Rosacea is an acne-like condition that occurs on the face, especially the nose, cheeks, chin, and central forehead. It often starts with redness and flushing. Sometimes, these are the only signs a patient may exhibit. However, red bumps (papules), whitish bumps (pustules), and dilated blood vessels (telangiectasias) often also develop. Eyelids will frequently be involved with redness, scaling, and crusting. More rarely, deep bumps can develop in the same areas.
Rosacea is more common in women than men. It occurs commonly in patients in their 20's and 30's and peaks during ages 40-60. It rarely occurs in dark-skinned individuals.
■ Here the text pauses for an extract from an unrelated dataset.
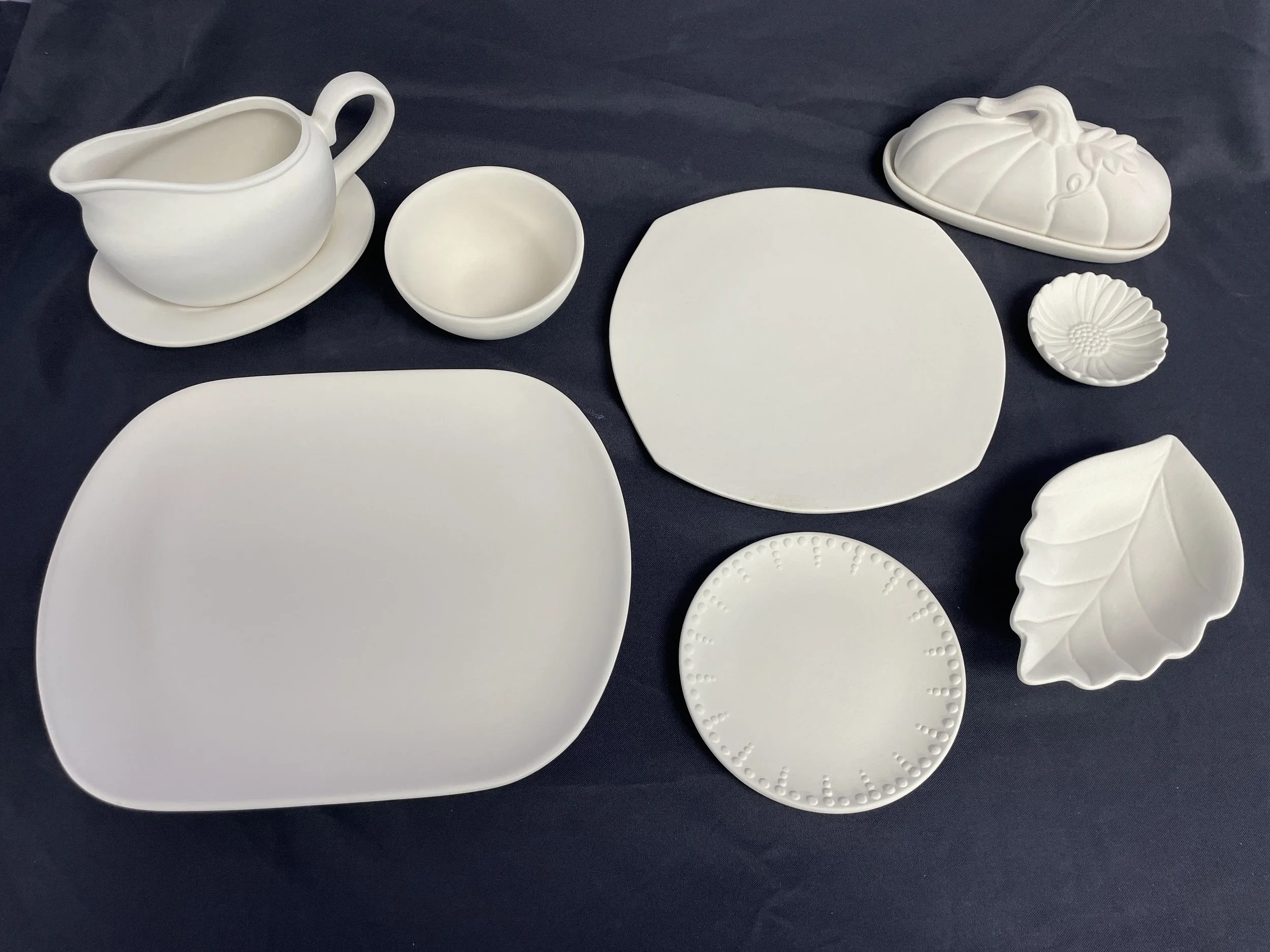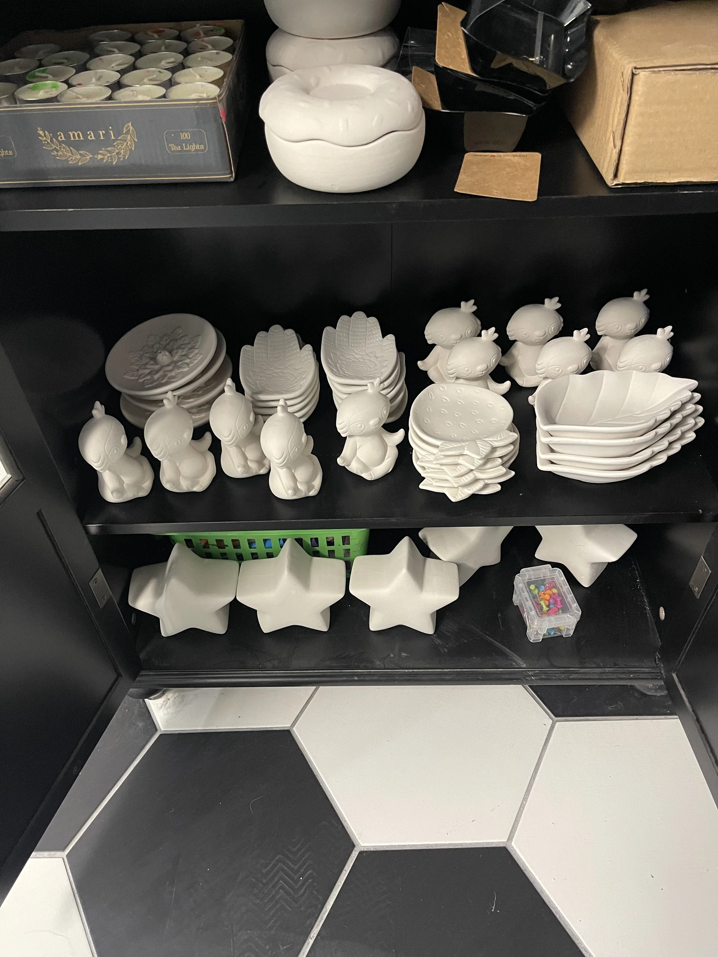 Select any of our interchanging bisqueware. Come decorate them using glaze or paints to make it your own.( If you use glaze it will take about 1-2 weeks for pick-up.)

The exact cause of rosacea is unknown. Many theories have been hypothesized including stress, heredity, and gastrointestinal disease, but none of these have been proven. Stress does exacerbate rosacea but is probably not a primary cause. Sunlight, hot (temperature) foods and drinks, alcoholic beverages, and spicy foods are known as tripwires because they may aggravate redness and flushing.
Treatment options include the following:
Topical antibiotics are often prescribed. Erythromycin, clindamycin, and metronidazoles are the ones typically used to treat rosacea. Topical Azelaic acid cream is a new fungal medication used to clear up redness and bumps. Topical antifungal creams will sometimes work in stubborn cases. Occasionally, topical steroid creams can help to cut down the redness and inflammation. Sunscreens are a must because of the role sun often plays in exacerbating rosacea.
Oral antibiotics usually work great in rosacea. Tetracyclines (tetracycline, doxycycline, minocycline) typically work best and are usually the first choice. Sometimes, other antibiotics are prescribed. Severe cases may require a more powerful medication called isotretinoin.
Dilated blood vessels and diffuse redness can be treated nicely with electrocautery, Diode laser, IPL light treatment or V-beam laser therapy. Usually insurance companies do not cover this treatment.